# [What needs to be done]
Repeat the listing below exactly. Pictures do not belong in the copy.

# [Collected material]
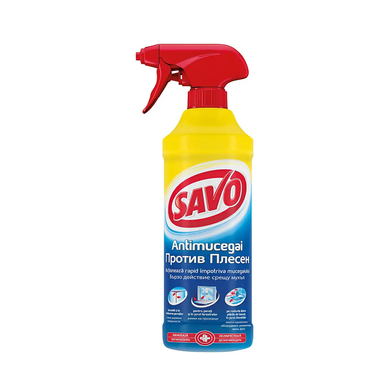 Solutia universala antimucegai de la Savo in cantitate de 500 ml indeparteaza, mentine si dezinfecteaza peretele, imbinarile lor departe de mucegai, fungi fibrosi, lichenii fungii, cat si profilele din plastic, PVC ale geamurilor. Mai mult decat atat Savo antimucegai este dotat cu pulverizator si mai poate fi folosit in baie sau bucatarie, in jurul chiuvetelor sau lavoarelor, direct pe rosturile dintre placile de fanaita, pe suprafete acrilice, din lemn, emailate, zidarie sau cele din otel inoxidabil. Savo este solutia probabil cea mai buna pentru inlaturarea mucegaiului fara sa deterioreze suprafetele, multumita multiplelor ingrediente active pe care acesta le are in compozitie.
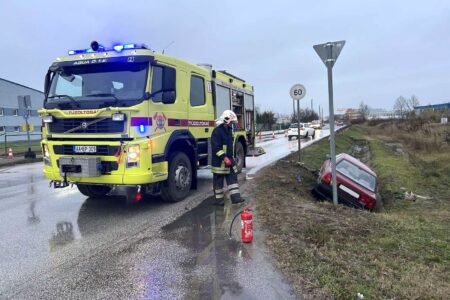 A késő délutáni órákban, az esős, nyirkos időben árokba csúszott egy személyautó Dunakeszin, a Pallag úton.
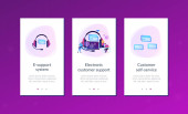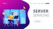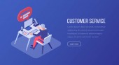 Agenci centrum kontaktowego z słuchawkami pracującymi przy komputerach. Centrum kontaktowe, punkt obsługi klienta, koncepcja zarządzania relacjami z klientami. Strona internetowa żywe fioletowe lądowania szablon strony internetowej.
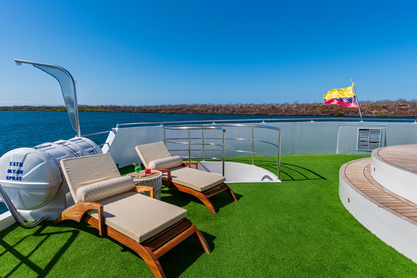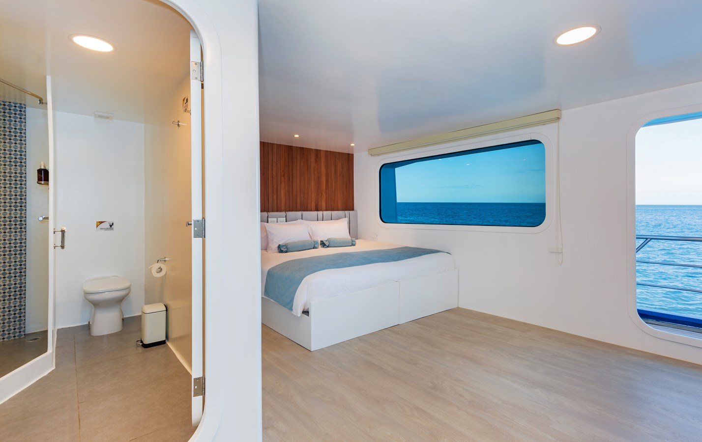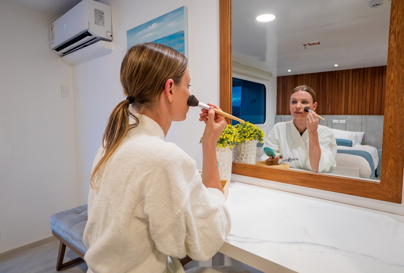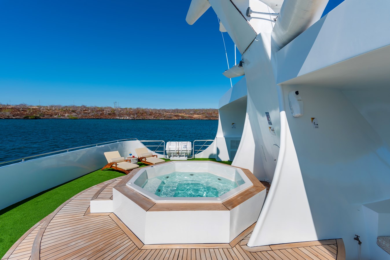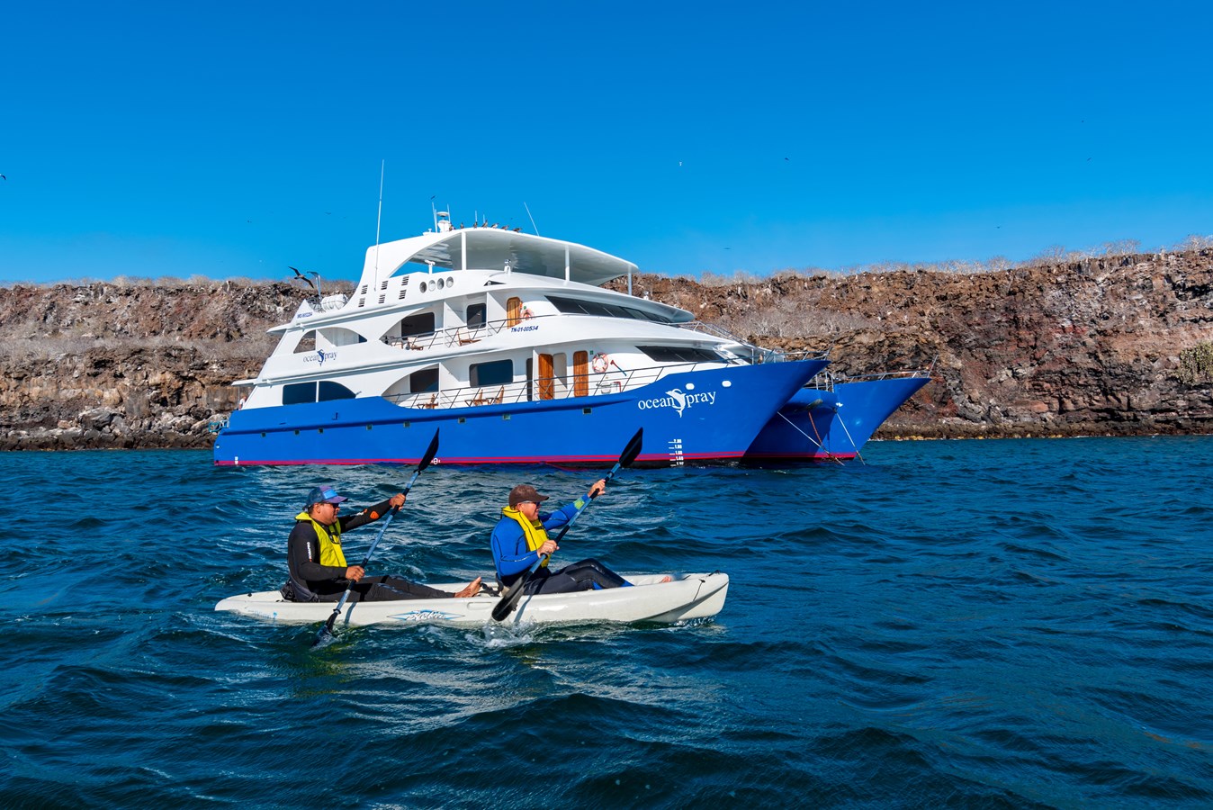 The classic catamaran Ocean Spray offers exceptional performance and comfort for cruising in the Galapagos. Its elegant design includes a spacious shaded sundeck with a Jacuzzi and sun chairs, providing guests with the perfect place to relax while on board. Each of the spacious cabins features a private balcony, enhancing the comfort and luxury of your Galapagos cruise experience. Ocean Spray’s impressive speed, top-notch guides, and well-planned itineraries make it an ideal choice for exploring the Galapagos in style. Kayaks and paddleboards are also available for guests to use, adding to the adventure.

# [Solution below]
 Solutia universala antimucegai de la Savo in cantitate de 500 ml indeparteaza, mentine si dezinfecteaza peretele, imbinarile lor departe de mucegai, fungi fibrosi, lichenii fungii, cat si profilele din plastic, PVC ale geamurilor. Mai mult decat atat Savo antimucegai este dotat cu pulverizator si mai poate fi folosit in baie sau bucatarie, in jurul chiuvetelor sau lavoarelor, direct pe rosturile dintre placile de fanaita, pe suprafete acrilice, din lemn, emailate, zidarie sau cele din otel inoxidabil. Savo este solutia probabil cea mai buna pentru inlaturarea mucegaiului fara sa deterioreze suprafetele, multumita multiplelor ingrediente active pe care acesta le are in compozitie.
 A késő délutáni órákban, az esős, nyirkos időben árokba csúszott egy személyautó Dunakeszin, a Pallag úton.
 Agenci centrum kontaktowego z słuchawkami pracującymi przy komputerach. Centrum kontaktowe, punkt obsługi klienta, koncepcja zarządzania relacjami z klientami. Strona internetowa żywe fioletowe lądowania szablon strony internetowej.
 The classic catamaran Ocean Spray offers exceptional performance and comfort for cruising in the Galapagos. Its elegant design includes a spacious shaded sundeck with a Jacuzzi and sun chairs, providing guests with the perfect place to relax while on board. Each of the spacious cabins features a private balcony, enhancing the comfort and luxury of your Galapagos cruise experience. Ocean Spray’s impressive speed, top-notch guides, and well-planned itineraries make it an ideal choice for exploring the Galapagos in style. Kayaks and paddleboards are also available for guests to use, adding to the adventure.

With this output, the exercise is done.